Making the model output a probability value instead of the class name directly might seem like a pointless complication, but there is an important reason for following this approach. In practice, not all model mistakes cost the same.
In our disease classifier example, it is preferable to have more false positives than false negatives. Can you see why this is the case?
If the model says a patient has the disease when in fact it doesn’t (false positive), the patient might feel scared at first and seek help from a doctor. Further exams will reveal that the model made a mistake and the patient will likely feel relieved. However, if the model says a patient is disease-free, when in fact it isn’t (false negative), the patient will go on with their lives and eventually suffer severe symptoms that could easily be avoided if the disease was detected earlier.
The different costs associated with the model’s mistakes can also be observed in other problems. Think about a model that classifies a transaction as fraudulent or normal. Or about an e-mail spam classifier. In both situations, false positives are cheaper than false negatives.
Now, back to the threshold: by playing with the threshold value, practitioners can find a balance between the different types of model mistakes. A very low threshold results in more false positives while a very high threshold results in more false negatives.
With this idea in mind, it is possible to evaluate models in a much more comprehensive way by assessing how their performance change for different threshold values.

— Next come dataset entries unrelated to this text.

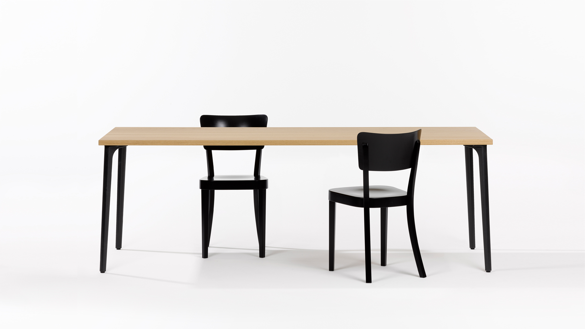 Diese Kombination von Gussbein und Vollholz-Tischplatte ist typisch für horgenglarus und knüpft an die traditionellen Werksentwürfe aus den 1920er und 30er Jahren an.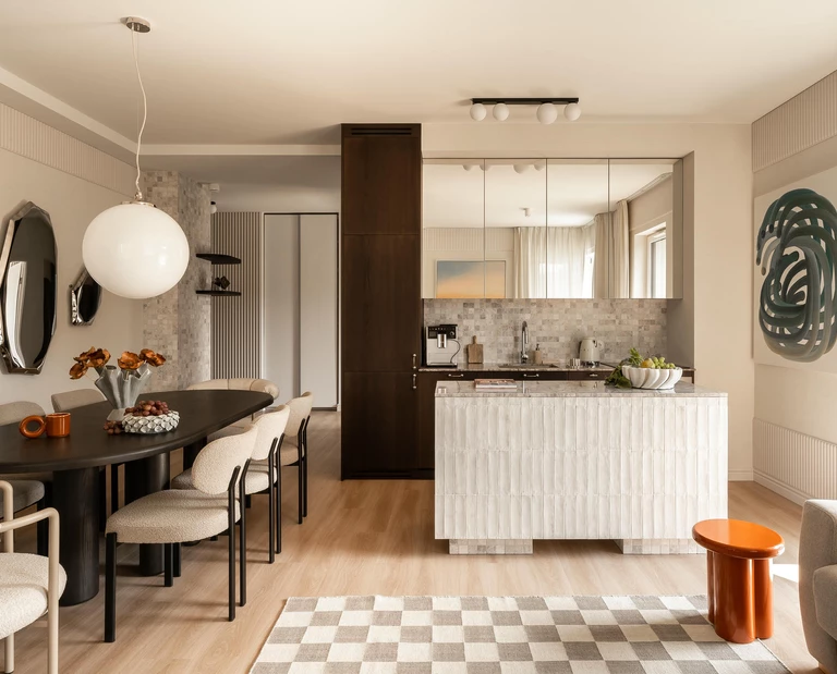 Swoje mieszkanie przy placu Kościuszki we Wrocławiu Anna i Marcin Major – założyciele Major Architekci – zaprojektowali, łącząc inspirację lokalnym klimatem tego miejsca z ciepłymi wspomnieniami lat 80. To zestawienie miejskiej struktury i prywatnej nostalgii stało się fundamentem całej koncepcji.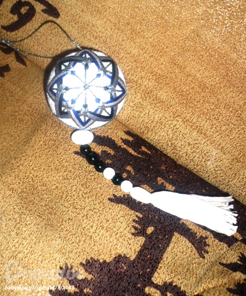 Молодец, у тебя очень красивый темари получился))) а мне вот узор "хризантема" не удался и я расстроилась... сейчас думаю, может я слишком тонкие нити для него взяла? попробую как ты мулинешками шить. а кисточка вообще волшебная! я балдею от всяких бусинок и пр.))) очень стильный темари получился, действительно мужской))) и наверное я тоже кое-кому из друзей-подруг в машинки такие сделаю))) и раньше подумывала, но всё лень было. а увидела в воплощенном виде и загорелась)))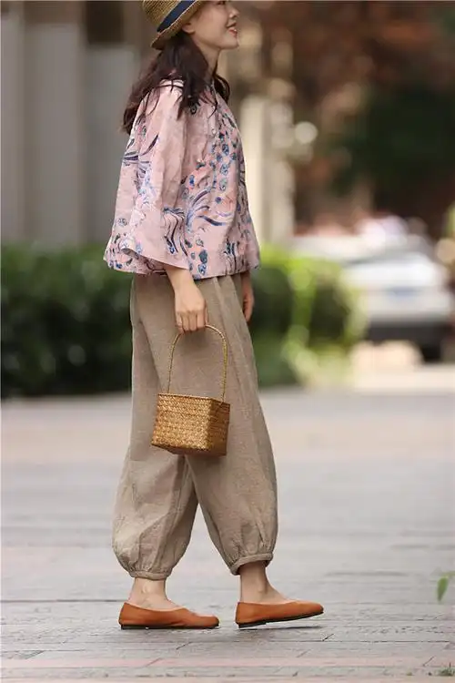 2024夏季新款!时尚休闲棉麻灯笼裤套装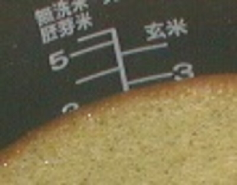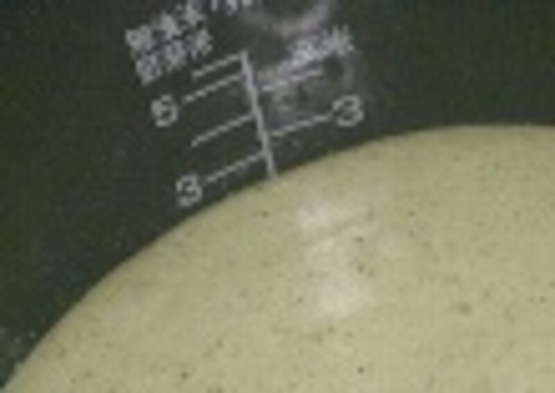 6.内釜に流しいれ、重ねた布巾の上に、2センチほど上から トントントンと 3回落として泡切りし 普通に炊く。(圧力式炊飯器の場合は、普通炊きでも良いが、無圧メニュー「すしごはん等」を選ぶとふくらみがよい。)
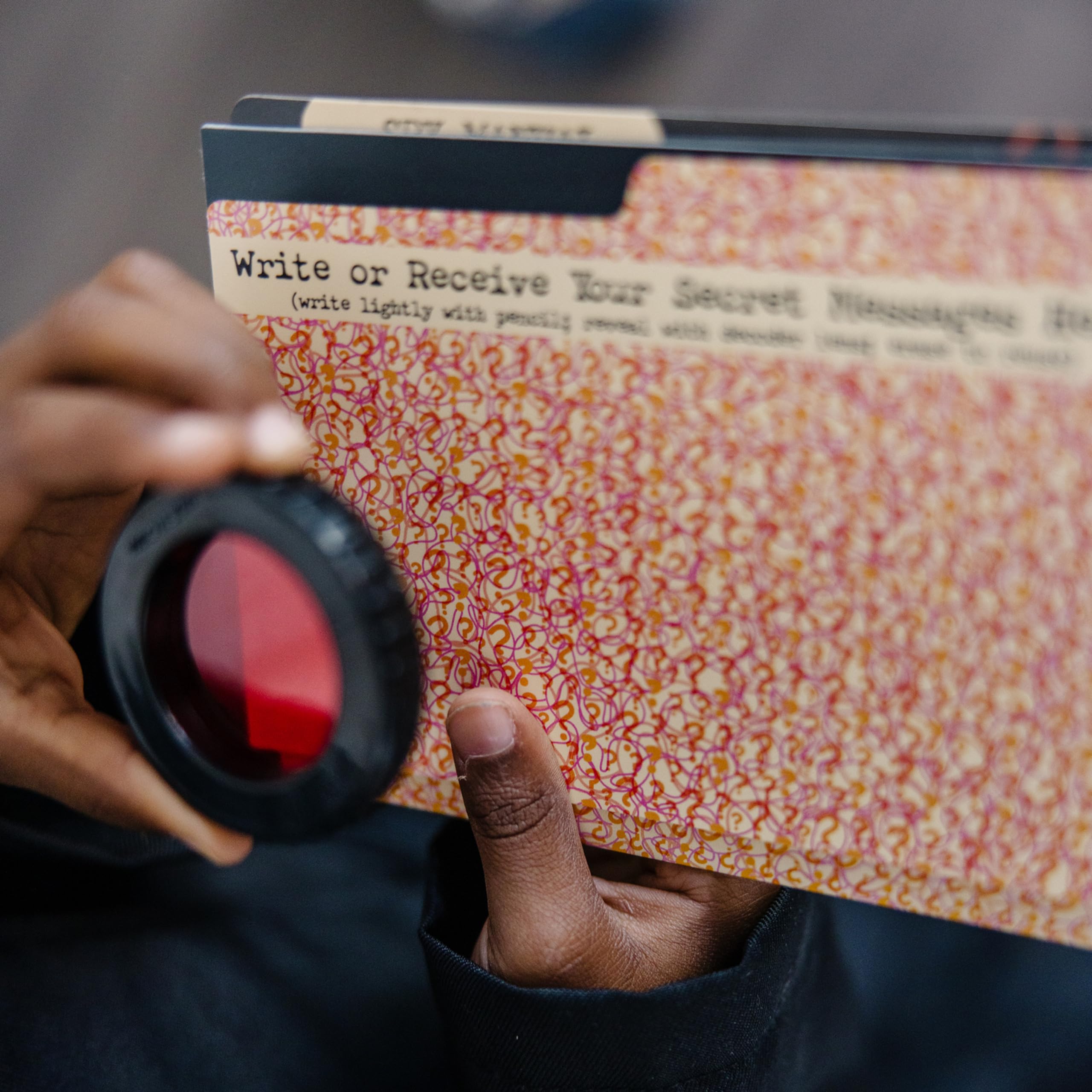 Includes black spy jacket, hat, rear-view mirrored sunglasses, secret coded message card, decoder lens, spy guide

One of the most popular ways of doing so is by plotting the receiver operator characteristic curves (ROC), which depict the trade-off between the false positive rate and the true positive rate. By plotting the ROC curves for different models we can start observing how they behave face to this trade-off.

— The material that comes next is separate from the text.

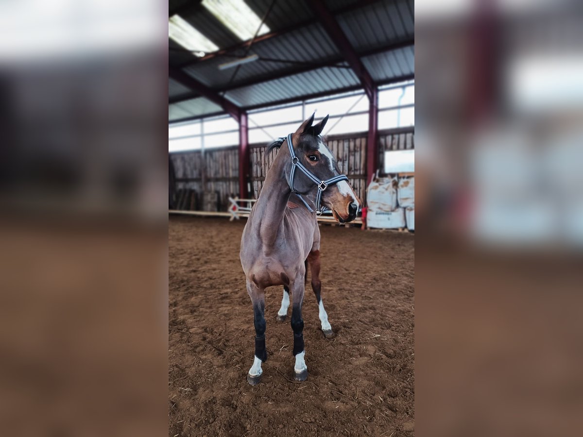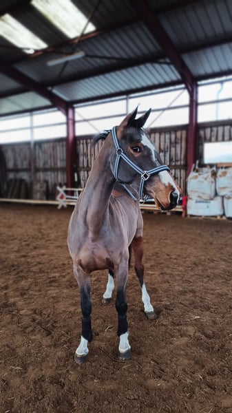 Wir verkaufen aus Zeitgründen unsere selbstgezogene 5j. Stute v. Aganix du Seigneur x Clarimo x Cash and Carry (Mutter bis M* platziert, alle Halbgeschwister aktuell bis 125 cm erfolgreich) Sie hatte 4j. ein Fohlen und seit Dezember unter dem Sattel, springt im Moment kleinen Parcours unter dem Sattel und ist bereit für die ersten Turniereinsätze, immer motiviert, lernwillig und brav unter dem Sattel und im Umgang, kennt Führanlage, Anhänger fahren, Waschplatz, Koppel etc TÜV ist aktuell aus November Bei Interesse oder Fragen gerne telefonisch unter 0162/8683824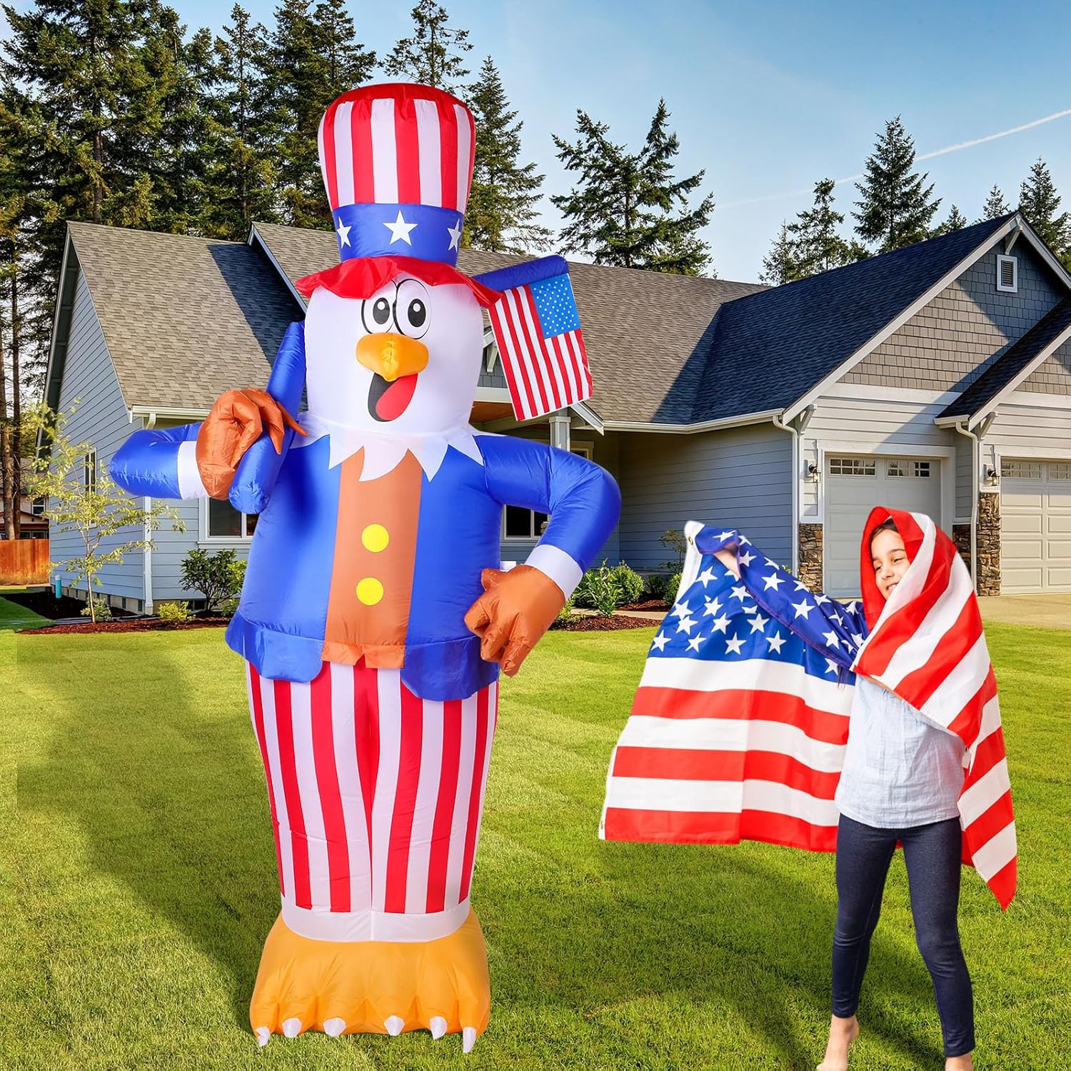 6.89 Foot Tall Patriotic Independence Day 4Th of July Inflatable Eagle Lighted B

A perfect model would have a true positive rate of 1 and is depicted as just a line on the top. The closer we are to the perfect model, the better. In practice, to avoid the hassle of visually comparing ROC curves and deciding what to do when two curves intersect, it is common to compute the area under the ROC curve (known as AUC) and use that number as a proxy for model performance, choosing the model with the largest AUC.
Another trade-off that can be evaluated by varying the threshold is the one between precision and recall, giving rise to precision-recall (PR) curves.
PR curves seem to be more appropriate to use when there is class imbalance. This post explores the comparison between the ROC and PR curves on unbalanced datasets with code samples, so feel free to check it out.
Using ROC and PR curves helps us evaluate model performance on unbalanced datasets because we are not only segregating the types of model predictions (like we did in the previous section) but also evaluating the associated trade-offs.
The commonly used metrics, such as accuracy and error rates, are not the most appropriate to use when we are dealing with unbalanced datasets. Hopefully, after reading this post, you understand what’s the issue with these common metrics and what are the alternatives to overcome the problems associated with them. Being prepared to deal with class imbalance is a must for ML practitioners and we hope to have helped a little bit on this journey with our posts on the topic.
* A previous version of this article listed the company name as Unbox, which has since been rebranded to Openlayer.